Week 8 Q & A Collection
- Give two applications of Markov models and k-means algorithm respectively.
- Markov models: Speech Recognition; Handwriting Recognition; Biological Sequence Analysis etc.K-means: Making recommendations (Amazon, Netflix etc.); Store location choice; Summarize articles etc.
- Describe the situation when Isomap algorithm performs the best for dimensionality reduction.
- “One of the most popular algorithms for nonlinear dimensionality reduction, called Isomap, does just this.” “From understanding motion in video to detecting emotion in speech, Isomap has a surprising ability to zero in on the most important dimensions of complex data.” [from the book]
- Reinforcement learning with generalization often fails to settle on a stable solution, why?
- “In supervised learning the target value for a state is always the same, but in reinforcement learning, it keeps changing as a consequence of updates to nearby states”[from the book]
- What is the difference between clustering and chunking?
- They are fundamentally different. Clustering is to do unsupervised learning to group similar data together while chunk is to divide data intentionally to solve problems more easily.
Chapter #9 Preview
【Chapter Summary】
Welcome to Chapter 9. In this Chapter, the author introduces a path to Master Algorithm by combining some of the algorithms mentioned before and comparing them explicitly. Of course, the author encounters many challenges during this combination process. He explains how to overcome those problems and to generate the unifier of machine learning - Alchemy. Finally, he shares his insights about the alchemy from different perspectives, such as advantages, disadvantages, and application.
【Important Sections】
- Out of many models, one
- The author shows the exploration of the metalearner - stacking, bagging and boosting and the summary of shortages and characteristics for each.
- The Master Algorithm
- The author guides us to a fantastic tour in an imaginary city. In this journey, we learn the features of important algorithms, the relationship among them, and how to combine them all together to reach the Master Algorithm.
- Markov logic networks
- The author introduces the Markov network. He successfully merges the final gap in the combination and derives the Markov logic network. Also, he defines the duty of each algorithm in the Master Algorithm.
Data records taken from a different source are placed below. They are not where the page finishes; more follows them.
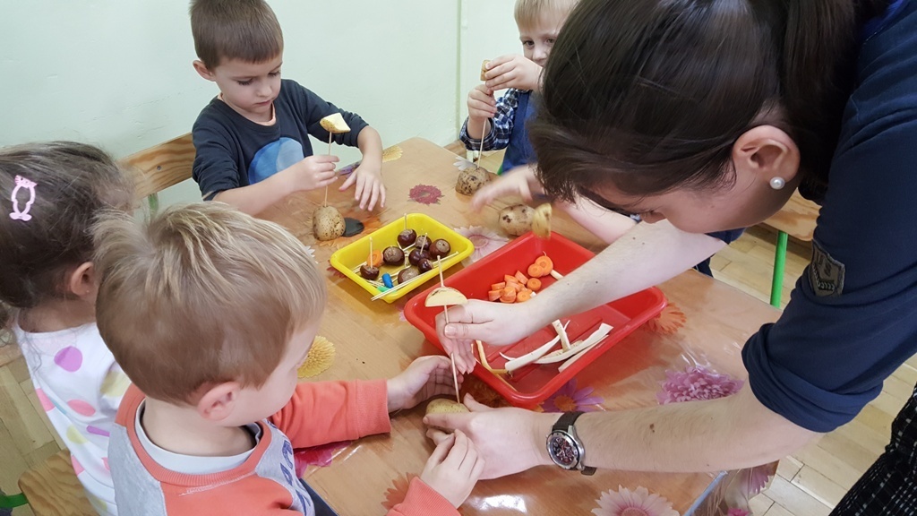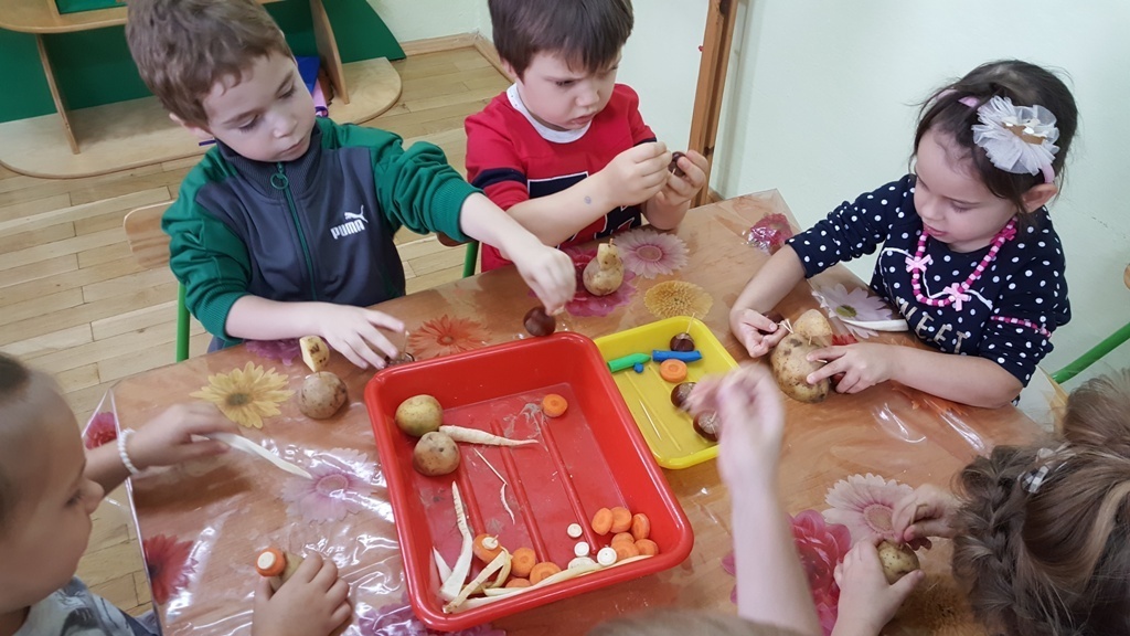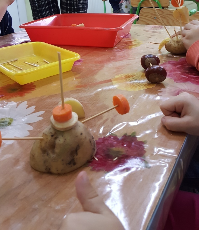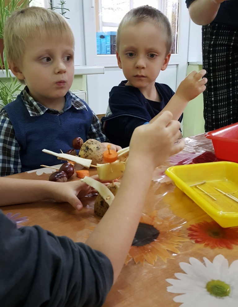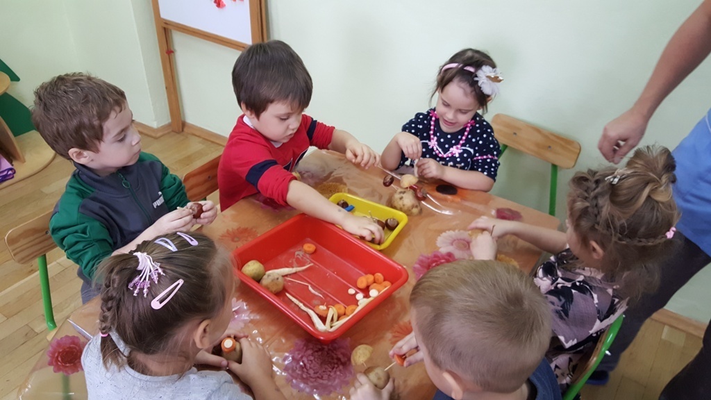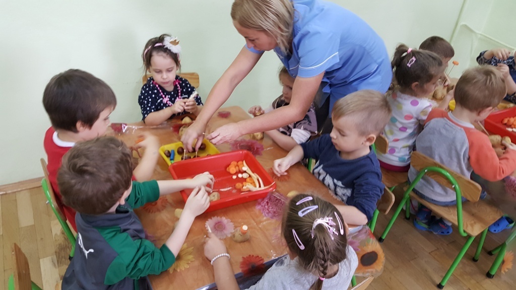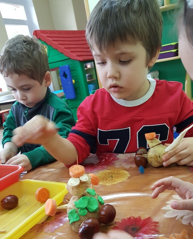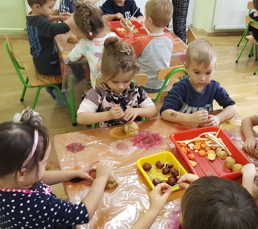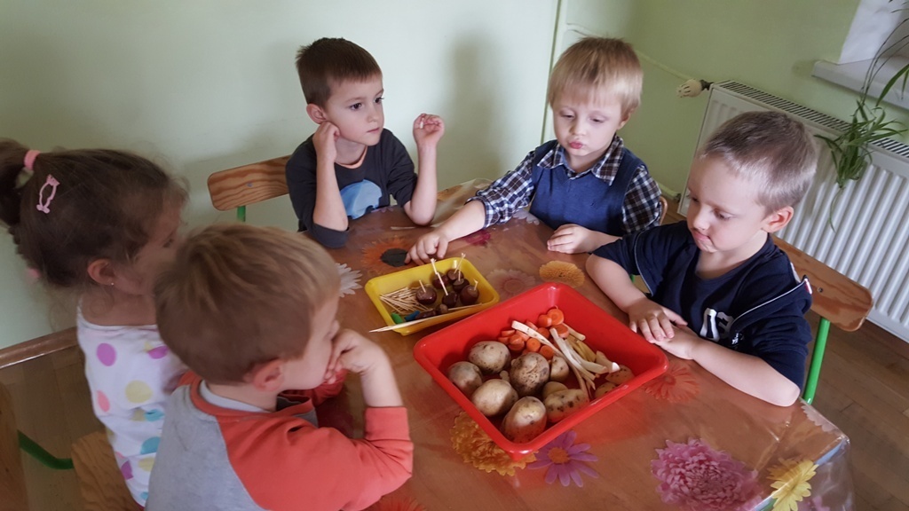 W poniedziałek 09 października Smyki rozwijały swą kreatywność oraz wyobraźnię, a także sprawność manualną poprzez zabawę z warzywami. Dzieci wykazały się ogromną pomysłowością, dzięki czemu powstało mnóstwo niepowtarzalnych ziemniaczanych stworków. Zabawa przy komponowaniu elementów wymagała dużej zręczności, jednak mali artyści świetnie sobie radzili. Efekty ich pracy można podziwiać na zdjęciach.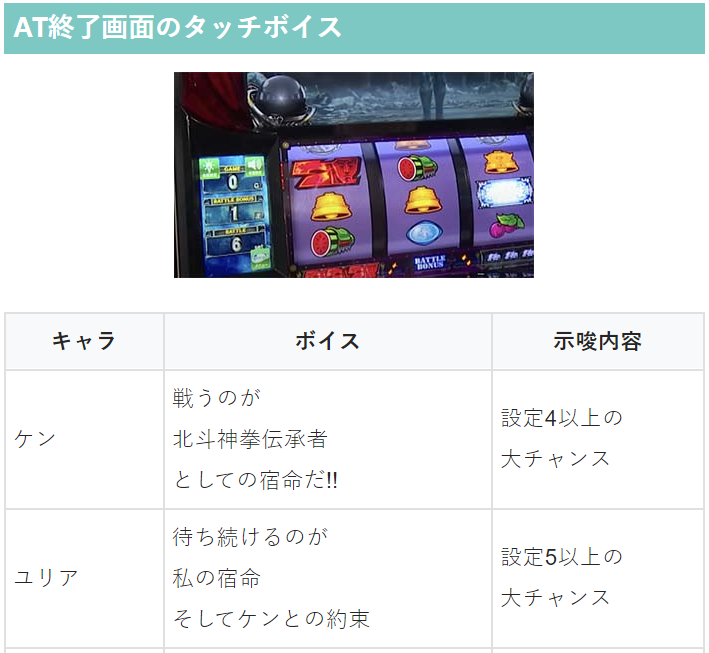 | 設定 | BB | 北斗揃い | 出玉率 |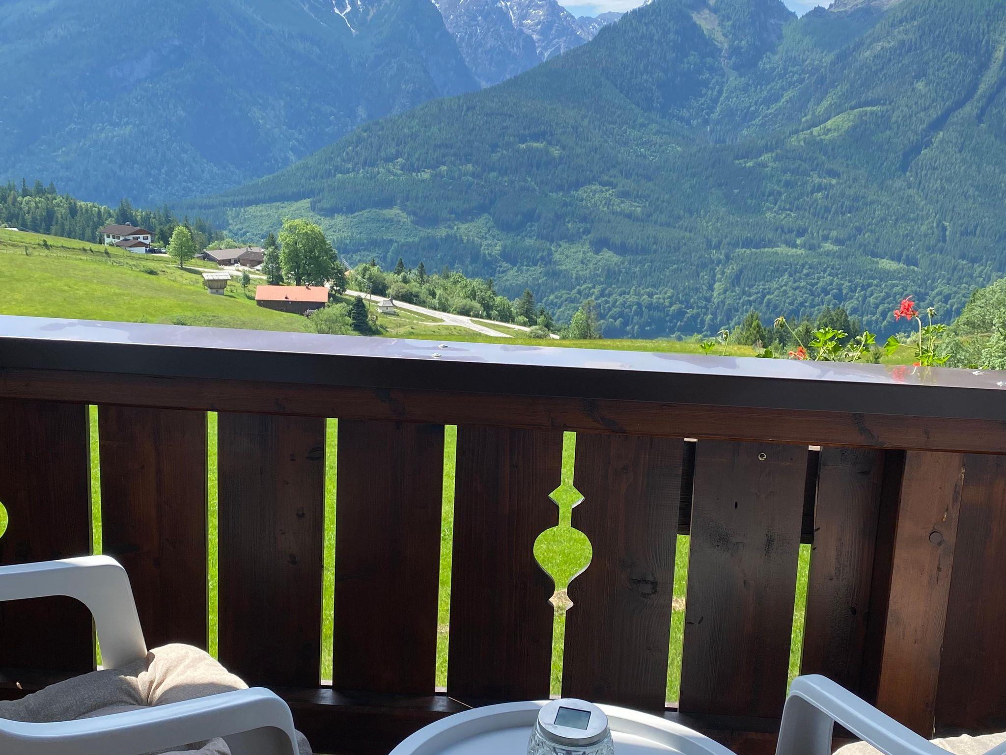 Unsere Ferienwohnung bietet Ihnen vom Südbalkon aus einen Traumblick auf das gesamten Bergpanorama. Sie ist aufgeteilt in Wohnzimmer, Wohnküche, 2 Doppelzimmer und ein Einzelzimmer, Flur und Dusche/WC. Unsere Ferienwohnung ist eine Nichtraucherwohnung. Gerne können Sie auf dem Balkon Ihre Zigarette genießen. Genießen Sie den fantastischen Ausblick und die herrliche Ruhe fernab der Straße. Die Wohnung hat einen separaten Eingang über eine Außentreppe. W-LAN kostenlos verfügbar.

- From Hume to your housebot
- The author names the initial status of the master algorithms as Alchemy. He derives some conclusion of the Alchemy and shows how to customize it under different situations. Some practical applications are also shown in this section.
- Planetary-scale machine learning
- Alchemy is not scaled yet because the computation is very expensive. What should we do? Why could it work well in the real world? What is the next step? This section answers the above questions.
- The doctor will see you now
- CanceRx is one of the successful applications of the Alchemy. It has tremendous potential and is constantly improved.
【Key Concepts】
- Unifier: A unifier is someone or something that brings others together.
- Metalearning: Metalearning is the process of learning to learn.
- Stacking: Stacking involves training a learning algorithm to combine the predictions of several other learning algorithms.
- Bagging: Bagging is to make each model in the ensemble vote with equal weight.
- Boosting: Boosting is incrementally building an ensemble by training each new model instance to emphasize the training instances which previous models misclassified.
- Representation: It is the formal language in which the learner expresses the model.
- Evaluation: It is a scoring function that shows how good a model is.
- Optimization: It is an algorithm that searches for the highest-scoring model and returns it.
- Markov network: It is defined by a weighted sum of features, much similar to a perceptron.
- Markov Logic Network (MLN): An MLN is a set of logical formulas and their weights.
- Alchemy: It refines our universal learner candidate for simplicity. Here it mainly referes to the Markov Logic Network algorithms/models developed by the author's team
【Quiz】
- What is the difference among stacking, bagging and boosting?
- How to combine logic and probability according to the author?
- What are the challenges for the Alchemy?
- Share your opinion on this section.